Habertürk
    Takipde Kalın!
      Günlük gelişmeleri takip edebilmek için habertürk uygulamasını indirin

        Zeki Müren, Orhan Gencebay ve Sezen Aksu’nun sadece birer müzik ikonu olması zaten mümkün değildi. Ama akademik ve entelektüel çevre buna pek ilgi göstermedi. Şimdi yabancı bir etnomüzikolog, Martin Stokes, bu üçlüyü toplumsal ve siyasal bir çerçeveye oturttu ve “Aşk Cumhuriyeti – Türk Popüler Müziğinde Kültürel Mahrem”i yazdı. Koç Üniversitesi Yayınları’ndan çıkan kitap, popüler müzik üzerinden Türkiye’nin 1950’lerden itibaren geçirdiği dönüşümü anlatıyor. Kabaca söyleyeyim; Zeki Müren’in hayranlarına “Yurttaşlarım” derken aslında ne yaptığını, Regaip Kandili’ne denk gelen yılbaşı programında seçtiği müziklerin anlamını; Orhan Gencebay’ın Batılı alanda Doğulu duruşunu ve “Batsın Bu Dünya”sının neden hâlâ nostaljinin odağında olduğunu; Türkiye’de büyük bir gerilimin yaşandığı 1995’te Sezen Aksu’nun bir yaz akşamı TRT 1’de ilk kez “Ne Ağlarsın”ı söylemesinin manasını... Ve tabii kitabına neden “Aşk Cumhuriyeti” dediğini... Stokes, bu üç ulusal ikonun resmi Türk kimliğinden daha samimi ve değişken bir Türklük kavramını çağrıştırdığını öne sürüyor. Detayları ondan dinleyelim...

        ‘LİBERALİZMİ DESTEKLEDİLER’

        Kitabınız, Zeki Müren, Orhan Gencebay ve Sezen Aksu üzerinden 1950 sonrası Türkiye’sinin kültür tarihini anlatıyor. Bu, Türk siyasi tarihiyle nasıl örtüşüyor?

        Popüler kültür politikadan etkilenir ama toplumsal duygu ve davranışları da önemli oranda şekillendirir.
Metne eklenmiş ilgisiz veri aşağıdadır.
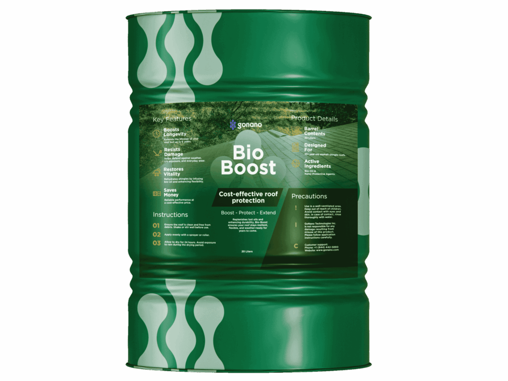 Bio-Boost™: Cost-Effective Protection for Aging Roofs Don’t rush into a premature replacement. Designed specifically for asphalt shingle roofs 10 years and older, Bio-Boost™ is a sustainable treatment that provides practical protection when your roof begins showing signs of wear:
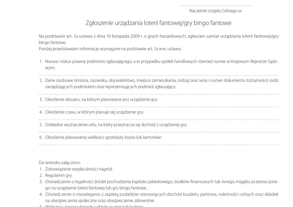 Ponadto, w dziale „Narzędziownia” znajdą Państwo wzorcowy formularz – zgłoszenie urządzania loterii fantowej/gry bingo fantowe w placówce edukacyjnej, wymagane na podstawie art. 1a ustawy z dnia 19 listopada 2009 roku o grach hazardowych. Zgłoszenia składa się nie później niż 30 dni przed rozpoczęciem loterii do właściwego miejscowo naczelnika urzędu celno-skarbowego.

Aşk Cumhuriyeti’nde süregiden bazı önemli akımlara sahne olmuş popüler kültürü ve ani değişim ve kopuşlarıyla siyasi tarihi birlikte anlatıyorum.

        Bu üç ismin, halkın siyasalekonomik düzene eklemlenmesine aracı olduğunu mu düşünüyorsunuz?

        Bu isimlerin hepsi kabaca 50, 70 ve 90’lı yılların liberal döngüsünü temsil eder ve destekler. Bu şarkıcılar, liberal-otoriter ortamla ilişkilenen hem de çelişki doğuran figürler. Belirli kavramlar, bu şarkıcılar aracılığıyla işlenebilme imkânı buldu. Bu kavramlar Zeki Müren, Orhan Gencebay ve Sezen Aksu özelinde sırasıyla cinsiyet, göç ve cinsellik olarak tanımlanabilir. Ancak bu Müren’i sadece kadınların, Gencebay’ı kente göç edenlerin, 1990’ların ortalarında Aksu’yu hedonist laik burjuvaların dinlediği anlamına gelmez. İlgi çekici olan bu şarkıcıların Türk toplumunun hemen tamamı tarafından dinlenmesi.

        Onlar için “Kültürel mahremin sesleri” derken neyi kastediyorsunuz? “Kişisel bir ulus fikri”ni nasıl yarattılar?

        Bu isimlerin Türklük durumu resmi veya kurumsal bir fabrikasyon ürünü değil; kaynağını popüler kültür ve günlük yaşamda buluyor. Onlarla samimice özdeşleşmek, nostalji, keder ve ortak duygusal geçmişe dokunuyor. Bu “Olmamız gereken neydi?” ve “Aslında neyiz?” arasındaki farkı hissettiriyor.

        ARABESK VE FETHULLAH GÜLEN

        12 Eylül’den sonra İslami akımlar kendini müzikte mi ifade etti?

        Darbenin yarattığı baskı ortamı dini hissiyatların bir şekilde kendini arabeskle ifade etmesine neden oldu. Güçlü duygusal etkilerine baktığımızda arabesk ve Fethullah Gülen’in vaaz kasetleri arasında bir ilişki var. AK Parti yılları, dini ifade biçimleri, simgelerde kamusal bir açılım ve bunların tüketildiği bir piyasa yarattı. Böylece Cemal Kuru, Abdurrahman Önül ve benzerleri dinî arabeskte, Mercan Dede sufizmin Yeni Çağ’a uygun yorumuyla öne çıktılar. Yeşil Pop ve tarikat müziklerinin yeniden doğuşu da bu örneklere katılabilir. Popüler müziğin İslam’laşmasını, örneğin arabesk müzikte darbukanın yerini tefin, kemanın yerini neyin almasıyla; kısacası aşkın seküler ifadesinin dini ifadelerle yer değiştirmesi olarak anlatabiliriz.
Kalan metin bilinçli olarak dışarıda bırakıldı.